| What you have to do |
Once the line containing "This is the" is found in the records below, return it and each following line exactly, up to and including the line containing "John Coroner. |", and nothing else.
BEGIN The data
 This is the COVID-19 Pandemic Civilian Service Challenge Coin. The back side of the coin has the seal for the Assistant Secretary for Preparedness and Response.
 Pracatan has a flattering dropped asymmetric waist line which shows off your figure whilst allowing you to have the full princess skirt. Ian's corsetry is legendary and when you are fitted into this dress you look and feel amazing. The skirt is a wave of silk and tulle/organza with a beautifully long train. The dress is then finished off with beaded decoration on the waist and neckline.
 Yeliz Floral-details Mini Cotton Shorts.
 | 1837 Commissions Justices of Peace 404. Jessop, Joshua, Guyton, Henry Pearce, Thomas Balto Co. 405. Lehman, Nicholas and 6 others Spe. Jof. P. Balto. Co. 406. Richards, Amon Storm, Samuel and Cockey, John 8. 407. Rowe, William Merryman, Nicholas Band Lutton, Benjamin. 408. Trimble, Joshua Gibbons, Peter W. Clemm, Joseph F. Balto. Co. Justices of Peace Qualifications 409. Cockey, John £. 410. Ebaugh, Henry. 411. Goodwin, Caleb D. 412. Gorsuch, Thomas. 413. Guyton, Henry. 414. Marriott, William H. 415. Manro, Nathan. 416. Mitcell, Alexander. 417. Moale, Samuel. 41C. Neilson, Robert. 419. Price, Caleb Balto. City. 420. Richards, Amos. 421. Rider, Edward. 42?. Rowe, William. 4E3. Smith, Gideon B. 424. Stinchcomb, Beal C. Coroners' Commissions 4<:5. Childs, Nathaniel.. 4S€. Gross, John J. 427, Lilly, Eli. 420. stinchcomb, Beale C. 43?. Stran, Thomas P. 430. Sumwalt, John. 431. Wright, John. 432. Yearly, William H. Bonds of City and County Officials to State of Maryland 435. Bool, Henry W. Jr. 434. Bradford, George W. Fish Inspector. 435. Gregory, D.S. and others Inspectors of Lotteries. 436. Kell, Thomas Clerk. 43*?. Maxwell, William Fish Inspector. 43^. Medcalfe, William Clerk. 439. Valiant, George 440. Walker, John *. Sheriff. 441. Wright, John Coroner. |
END The data
BEGIN The data
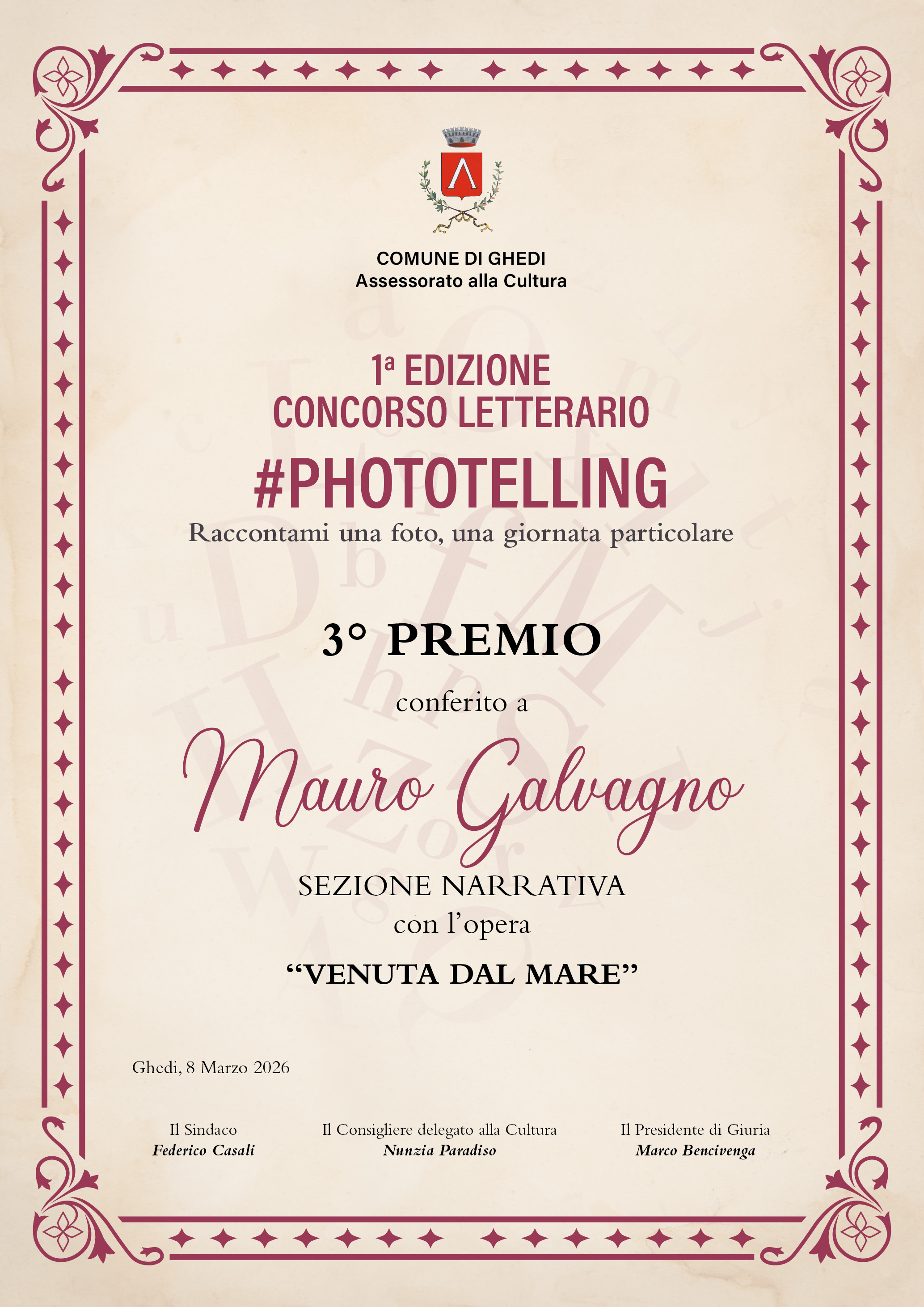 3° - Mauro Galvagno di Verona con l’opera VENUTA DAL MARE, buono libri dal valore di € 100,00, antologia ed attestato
END The data
| Output for this exercise |
 This is the COVID-19 Pandemic Civilian Service Challenge Coin. The back side of the coin has the seal for the Assistant Secretary for Preparedness and Response.
 Pracatan has a flattering dropped asymmetric waist line which shows off your figure whilst allowing you to have the full princess skirt. Ian's corsetry is legendary and when you are fitted into this dress you look and feel amazing. The skirt is a wave of silk and tulle/organza with a beautifully long train. The dress is then finished off with beaded decoration on the waist and neckline.
 Yeliz Floral-details Mini Cotton Shorts.
 | 1837 Commissions Justices of Peace 404. Jessop, Joshua, Guyton, Henry Pearce, Thomas Balto Co. 405. Lehman, Nicholas and 6 others Spe. Jof. P. Balto. Co. 406. Richards, Amon Storm, Samuel and Cockey, John 8. 407. Rowe, William Merryman, Nicholas Band Lutton, Benjamin. 408. Trimble, Joshua Gibbons, Peter W. Clemm, Joseph F. Balto. Co. Justices of Peace Qualifications 409. Cockey, John £. 410. Ebaugh, Henry. 411. Goodwin, Caleb D. 412. Gorsuch, Thomas. 413. Guyton, Henry. 414. Marriott, William H. 415. Manro, Nathan. 416. Mitcell, Alexander. 417. Moale, Samuel. 41C. Neilson, Robert. 419. Price, Caleb Balto. City. 420. Richards, Amos. 421. Rider, Edward. 42?. Rowe, William. 4E3. Smith, Gideon B. 424. Stinchcomb, Beal C. Coroners' Commissions 4<:5. Childs, Nathaniel.. 4S€. Gross, John J. 427, Lilly, Eli. 420. stinchcomb, Beale C. 43?. Stran, Thomas P. 430. Sumwalt, John. 431. Wright, John. 432. Yearly, William H. Bonds of City and County Officials to State of Maryland 435. Bool, Henry W. Jr. 434. Bradford, George W. Fish Inspector. 435. Gregory, D.S. and others Inspectors of Lotteries. 436. Kell, Thomas Clerk. 43*?. Maxwell, William Fish Inspector. 43^. Medcalfe, William Clerk. 439. Valiant, George 440. Walker, John *. Sheriff. 441. Wright, John Coroner. |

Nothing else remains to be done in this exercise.